伴奏の依頼でもない限り、僕が演奏するプログラムは殆ど僕自身で決めています。実のところリクエストなんかもほぼ受けていないですし、これからも滅多に受けることは無いでしょう。
あくまでも、自分が弾きたい"曲"、もっと言えば自分が弾きたい"コンサート・プログラム"を演奏するためにやっているという面が大きいので、そこに介入の余地を作りたくないと考えているのです。洋食のコース料理を準備するところで「ラーメン追加で!」というのは受け入れられないですし、それで全体のテーマまで打ち崩されるのを許容したくはないわけです。
開催時間内ならいつまでも好きなようにその場にいて、行ったり来たりしながらでも観賞を楽しめる展覧会とは異なり、演奏会は限られた時間(普通は長くても休憩込みで2時間以内くらい)で、演奏者のリードによって進行する、見方によっては窮屈なものであります。その窮屈な時間を充実させるために、そのプログラム内容の工夫を考えるのです。
どんな曲を選んで持ってきて、どのような順番に並べて、そこにどのような連関を見出だせるようにするか、コンサートが終わった時にどのような総括が残るようにするか…「そんなこと気にせんでも」と言われるかもしれませんが、弾けるものをとにかくあるだけ引っ張ってきただけに見えるような演奏は少なくともやりたくないのです。
さて、そのようなことをしようとした時に思い当たることがあります。
自分で曲をいくつか選んで並べ、とあるコンサートのプログラムを構成したとしましょう。演奏する曲目が決まりますね。
その時、選ばれなかった曲は弾かれないのです。
…何を当たり前のことを、とお思いになるでしょう。選曲において選ばれた曲は演奏され、選ばれなかった曲は演奏されない…それはその通りです。
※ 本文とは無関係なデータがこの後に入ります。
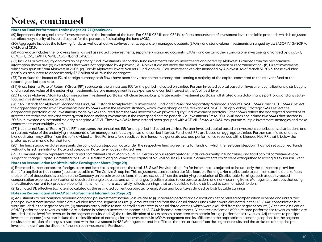 R-14 7 G-19 5 B-19 7 R-88 G-15 9 B-16 5 R-13 6 G-18 0 B-83 R-16 3 G-14 3 B-18 7 R-0 G-74 B-13 6 R-18 5 G-21 1 B-15 3 R-11 8 G-92 B-15 0 R-22 0 G-22 1 B-23 2 R-14 0 G-14 1 B-15 2R-12 0 G-16 9 B-22 2 Old Colors R-88 G-89 B-91 58595B R-23 G-234 B-234 EAEAEA R-208 G-232 B-247 D0E8F7 R-65 G-64 B-66 414042 R-8 G-51 B-94 08335E R-167 G-169 B-171 A7A9AB R-9 G-102 B-112 096670 R-220 G-221 B-222 DCDDDE R-97 G-161 B-224 61A1E0 R-237 G-217 B-157 EDD99D R-147 G-195 B-197 93C3C5 Notes, continued Notes on Fund Performance Tables (Pages 24-27)(continued) (19) Represents the original cost of investments since the inception of the fund. For CSP II, CSP III, and CSP IV, reflects amounts net of investment level recallable proceeds which is adjusted to reflect recyclability of invested capital for the purpose of calculating the fund MOIC. (20) Aggregate includes the following funds, as well as all active co-investments, separately managed accounts (SMAs), and stand-alone investments arranged by us: SASOF IV, SASOF V, CALF, and CICF. (21) Aggregate includes the following funds, as well as related co-investments, separately managed accounts (SMAs), and certain other stand-alone investments arranged by us: CSP I, CEMOF I, CSC, CMP I, CMP II, SASOF II, and CASCOF. (22) Includes private equity and mezzanine primary fund investments, secondary fund investments and co-investments originated by AlpInvest. Excluded from the performance information shown are: (a) investments that were not originated by AlpInvest (i.e., AlpInvest did not make the original investment decision or recommendation); (b) Direct Investments, which was spun off from AlpInvest in 2005; (c) Carlyle AlpInvest Private Markets Fund; and (d) LP co-investment vehicles managed by AlpInvest. As of March 31, 2023, these excluded portfolios amounted to approximately $3.7 billion of AUM in the aggregate. (23) To exclude the impact of FX, all foreign currency cash flows have been converted to the currency representing a majority of the capital committed to the relevant fund at the reporting period spot rate. (24) Gross Internal Rate of Return (“Gross IRR”) represents the annualized IRR for the period indicated on Limited Partner invested capital based on investment contributions, distributions and unrealized value of the underlying investments, before management fees, expenses and carried interest at the AlpInvest level. (25) Includes AlpInvest Atom Fund, all mezzanine investment portfolios, all ‘clean technology’ private equity investment portfolios, all strategic portfolio finance portfolios, and any state- focused investment mandate portfolios. (26) “ASF” stands for AlpInvest Secondaries Fund, “ACF” stands forAlpInvest Co-Investment Fund, and “SMAs” are Separately Managed Accounts. “ASF - SMAs” and “ACF - SMAs” reflect the aggregated portfolios of investments held by SMAs within the relevant strategy, which invest alongside the relevant ASF or ACF (as applicable). Strategic SMAs reflect the aggregated portfolios of co-investments made by SMAs sourced from the SMA investor’s own private equity fund investment portfolio. Other SMAs reflect the aggregated portfolios of investments within the relevant strategy that began making investments in the corresponding time periods. Co-Investments SMAs 2014-2016 does not include two SMAs that started in 2016 but invested a substantial majority alongside ACF VII. These two SMAs have instead been grouped with ACF VII - SMAs. An SMA may pursue multiple investment strategies and make commitments over multiple years. (27) Net Internal Rate of Return (“Net IRR”) represents the annualized IRR for the period indicated on Limited Partner invested capital based on investment contributions, distributions and unrealized value of the underlying investments, after management fees, expenses and carried interest. Fund level IRRs are based on aggregate Limited Partner cash flows, and this blended return may differ from that of individual Limited Partners. As a result, certain funds may generate accrued performance revenues with a blended Net IRR that is below the preferred return hurdle for that fund. (28) The fund stepdown date represents the contractual stepdown date under the respective fund agreements for funds on which the fee basis stepdown has not yet occurred. Funds without a listed Fee Initiation Date and Stepdown Date have not yet initiated fees. (29) All amounts shown represent total capital commitments as of March 31, 2023. Certain of our recent vintage funds are currently in fundraising and total capital commitments are subject to change. Capital Committed for CEMOF II reflects original committed capital of $2.8 billion, less $1.1 billion in commitments which were extinguished following a Key Person Event. Notes on Reconciliation for Distributable Earnings per Share (Page 29) (1) Estimated current corporate, foreign, state and local taxes represents the total U.S. GAAP Provision (benefit) for income taxes adjusted to include only the current tax provision (benefit) applied to Net income (loss) attributable to The Carlyle Group Inc. This adjustment, used to calculate Distributable Earnings, Net attributable to common stockholders, reflects the benefit of deductions available to the Company on certain expense items that are excluded from the underlying calculation of Distributable Earnings, such as equity-based compensation expense, amortization of acquired intangible assets, and other charges (credits) related to corporate actions and non-recurring items. Management believes that using the estimated current tax provision (benefit) in this manner more accurately reflects earnings that are available to be distributed to common stockholders. (2) Estimated DE effective tax rate is calculated as the estimated current corporate, foreign, state and local taxes divided by Distributable Earnings. Notes on Reconciliation of GAAP to Total Segment Information (Page 32) (1) Adjustments to performance
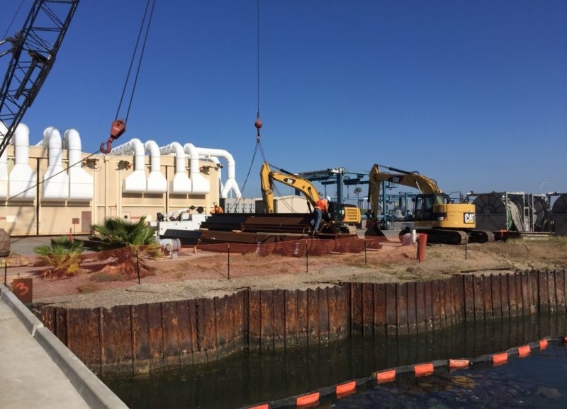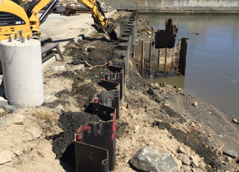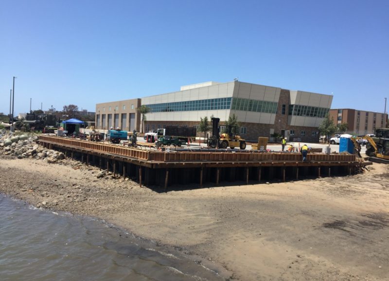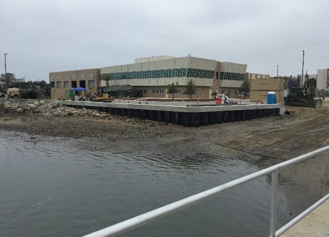 Repair existing Bulkheads 1, 2, and 3 at Naval Amphibious Base, Coronado, including repair of concrete spalling and cracking along the pile caps and mooring foundations, replacement of deteriorated sections of steel cellular sheet pile at Bulkhead. Approximately 170 linear feet (ft) of sheet pile along the eastern section will be replaced bay ward of the existing bulkhead. Approximately 135 linear feet of sheet pile was replaced landward of the existing bulkhead wall to compensate for the fill associated with the eastern section relocation. The existing bulkhead and soil in front of the new bulkhead wall on the western section was removed and new bulkhead walls were built.

では、何故その曲が選ばれ、他の曲は選ばれなかったのでしょうか。何を見て、何を基準にして、その判断を下したのでしょうか。
恐らく、その判断の時には意識的なり無意識的なり、自分自身による音楽作品への批評がはたらいていると思います。コンサートでこれを演奏したらどのような意味があるか、どのような効果があるか、どのような反応があるか…といったことを考えるのです。
そのためには自分なりにでも、その曲を演奏する意味や効果を分析して掴んでいなければならないでしょう。流石に何の意味も無いという作品はそうそう無いでしょうけれど、「それはちょっとなぁ…」とか「そうではないなぁ…」と思う部分に気付くこともあるかもしれません。
もちろん、作品自体に瑕疵があったり、プログラムとして不適合があったりするからと言って、それが必ずしも演奏しない理由や演奏を拒否する理由までにはならないと個人的には思います。しかしその部分について意識的である必要はある気がしています。
ちょっと可笑しい話がありまして、僕が大学在学当時、ピアノ科の試験では自身の演奏曲目を口頭で述べてから弾くというルールがありました。先生方も「そんなことしなくていいのに…」などと漏らしていたのですが、どうやら自分がどのような曲目を弾くのかすらよくわからないまま弾く学生がいるからという理由でそのようなルールが作られたそうです。
そんな冗談みたいなことが本当に現実にあるか?と当時は思ったものですが、自らの弾く曲が何かわからないなどという学生はいなかったとしても、その曲目が一体どのようなものなのかを意識させ、その15分~30分程度の一舞台についての自覚を宣誓させるという意味では、あながち下らないルールではなかったのではないかとも思います。先生から指示された通りに従っただけの選曲であるか、それとも自身の意思で一つの意志・目的を貫こうとする選曲であるかによって、その確信の度合いは異なってくるでしょう。
クソデカ主語で断言することは避けますが、口には出さないまでも、程度の差もあれど、意識的か無意識的かも両方あるにせよ、何かの曲を選んで演奏しようという時に、その人はその曲についての批評を自分の中で行っていると考えています。批評を本当に全く無しにそれを演奏するとすれば、そこにあるのは前述のような「自分の意思ではなくそう指示されたからわからないまま演奏した」ではないでしょうか。
このことは僕自身にも戒めが必要なことであります。批評を商売にするというわけではなく、せめて自分の手元では意識的に批評していこうと思います。